[TASK TO CARRY OUT] For the records below, copy exactly the span that begins at the line containing "精準(zhǔn)調(diào" and stops after the line containing "1月27日,艺术学院召开20", minus any pictures.

[DATA RECORDS]
######

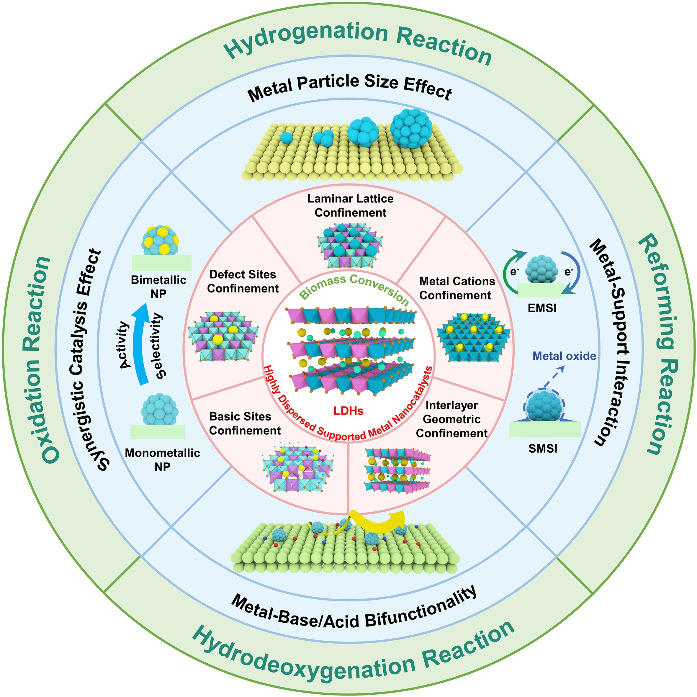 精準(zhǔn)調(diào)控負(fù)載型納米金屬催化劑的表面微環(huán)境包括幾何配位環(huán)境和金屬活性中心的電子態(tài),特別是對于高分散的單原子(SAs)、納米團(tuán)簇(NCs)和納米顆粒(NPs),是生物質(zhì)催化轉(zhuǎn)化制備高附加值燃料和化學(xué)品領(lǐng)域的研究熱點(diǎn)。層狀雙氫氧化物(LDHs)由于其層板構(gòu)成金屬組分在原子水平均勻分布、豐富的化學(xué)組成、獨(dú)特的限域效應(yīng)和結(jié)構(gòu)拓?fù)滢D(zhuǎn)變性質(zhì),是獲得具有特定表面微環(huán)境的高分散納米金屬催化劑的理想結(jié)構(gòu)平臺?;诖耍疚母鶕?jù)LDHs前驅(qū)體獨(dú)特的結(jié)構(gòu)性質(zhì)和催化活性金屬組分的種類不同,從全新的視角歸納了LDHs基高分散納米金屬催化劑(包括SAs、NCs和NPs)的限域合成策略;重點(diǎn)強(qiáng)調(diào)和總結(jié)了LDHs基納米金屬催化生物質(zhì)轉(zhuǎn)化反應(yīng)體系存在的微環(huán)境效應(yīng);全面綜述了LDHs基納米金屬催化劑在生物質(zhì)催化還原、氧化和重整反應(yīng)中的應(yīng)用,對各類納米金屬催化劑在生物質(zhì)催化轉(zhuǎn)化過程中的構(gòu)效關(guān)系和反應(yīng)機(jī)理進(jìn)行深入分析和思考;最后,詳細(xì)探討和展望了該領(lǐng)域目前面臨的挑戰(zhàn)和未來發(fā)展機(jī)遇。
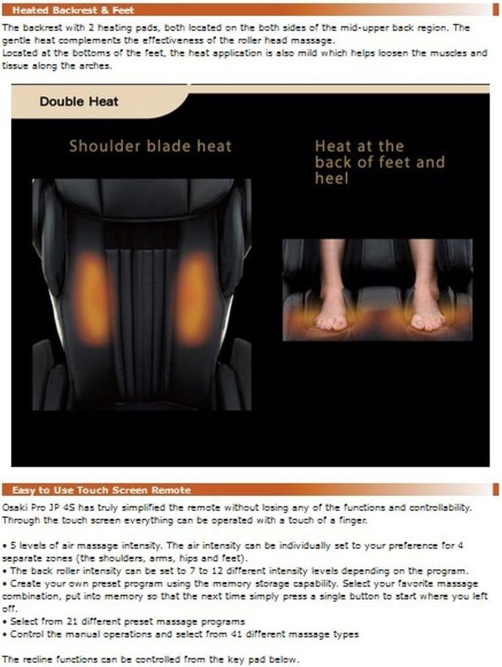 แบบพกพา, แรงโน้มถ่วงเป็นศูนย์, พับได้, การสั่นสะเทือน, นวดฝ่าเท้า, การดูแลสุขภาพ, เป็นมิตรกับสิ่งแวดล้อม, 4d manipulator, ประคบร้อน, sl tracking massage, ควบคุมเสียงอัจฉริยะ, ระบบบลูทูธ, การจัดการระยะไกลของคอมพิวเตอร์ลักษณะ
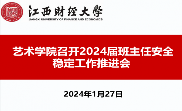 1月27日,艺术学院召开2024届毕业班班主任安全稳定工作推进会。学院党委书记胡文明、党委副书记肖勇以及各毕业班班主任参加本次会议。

######

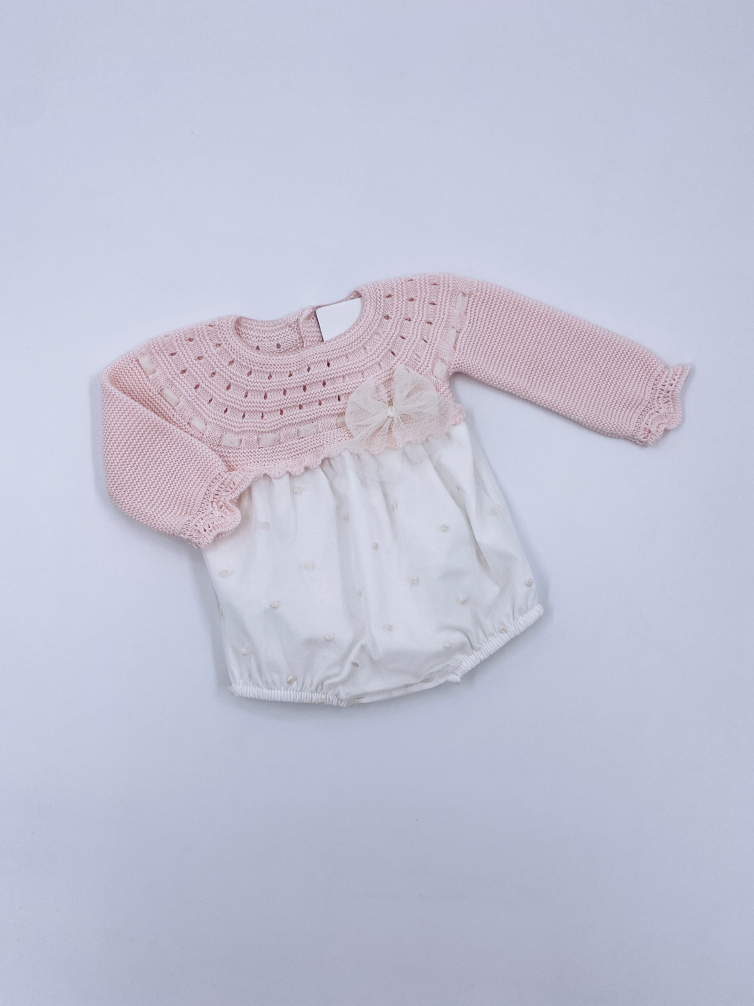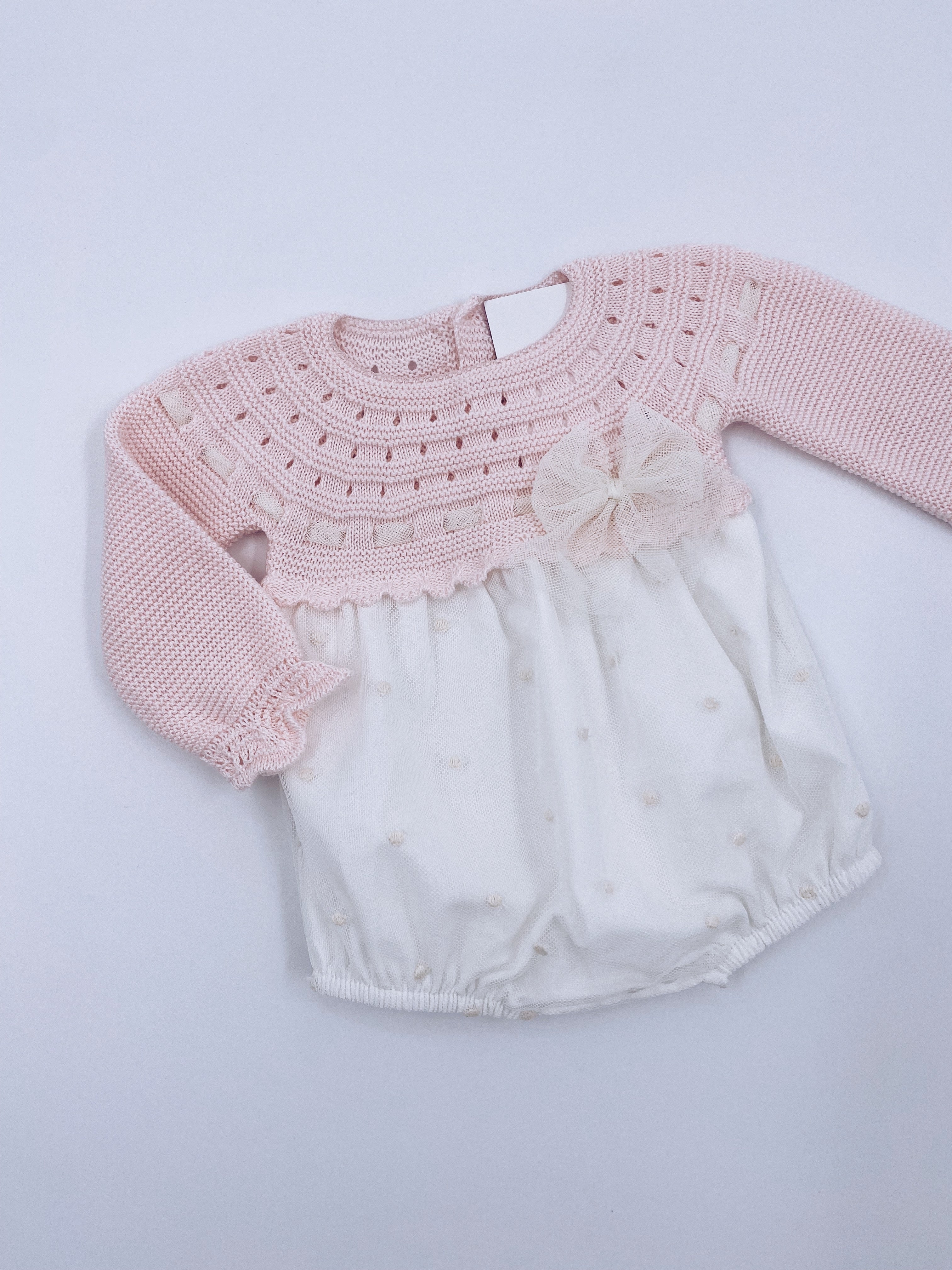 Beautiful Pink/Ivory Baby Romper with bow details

######

[RESULT OF THE TASK]
 精準(zhǔn)調(diào)控負(fù)載型納米金屬催化劑的表面微環(huán)境包括幾何配位環(huán)境和金屬活性中心的電子態(tài),特別是對于高分散的單原子(SAs)、納米團(tuán)簇(NCs)和納米顆粒(NPs),是生物質(zhì)催化轉(zhuǎn)化制備高附加值燃料和化學(xué)品領(lǐng)域的研究熱點(diǎn)。層狀雙氫氧化物(LDHs)由于其層板構(gòu)成金屬組分在原子水平均勻分布、豐富的化學(xué)組成、獨(dú)特的限域效應(yīng)和結(jié)構(gòu)拓?fù)滢D(zhuǎn)變性質(zhì),是獲得具有特定表面微環(huán)境的高分散納米金屬催化劑的理想結(jié)構(gòu)平臺?;诖耍疚母鶕?jù)LDHs前驅(qū)體獨(dú)特的結(jié)構(gòu)性質(zhì)和催化活性金屬組分的種類不同,從全新的視角歸納了LDHs基高分散納米金屬催化劑(包括SAs、NCs和NPs)的限域合成策略;重點(diǎn)強(qiáng)調(diào)和總結(jié)了LDHs基納米金屬催化生物質(zhì)轉(zhuǎn)化反應(yīng)體系存在的微環(huán)境效應(yīng);全面綜述了LDHs基納米金屬催化劑在生物質(zhì)催化還原、氧化和重整反應(yīng)中的應(yīng)用,對各類納米金屬催化劑在生物質(zhì)催化轉(zhuǎn)化過程中的構(gòu)效關(guān)系和反應(yīng)機(jī)理進(jìn)行深入分析和思考;最后,詳細(xì)探討和展望了該領(lǐng)域目前面臨的挑戰(zhàn)和未來發(fā)展機(jī)遇。
 แบบพกพา, แรงโน้มถ่วงเป็นศูนย์, พับได้, การสั่นสะเทือน, นวดฝ่าเท้า, การดูแลสุขภาพ, เป็นมิตรกับสิ่งแวดล้อม, 4d manipulator, ประคบร้อน, sl tracking massage, ควบคุมเสียงอัจฉริยะ, ระบบบลูทูธ, การจัดการระยะไกลของคอมพิวเตอร์ลักษณะ
 1月27日,艺术学院召开2024届毕业班班主任安全稳定工作推进会。学院党委书记胡文明、党委副书记肖勇以及各毕业班班主任参加本次会议。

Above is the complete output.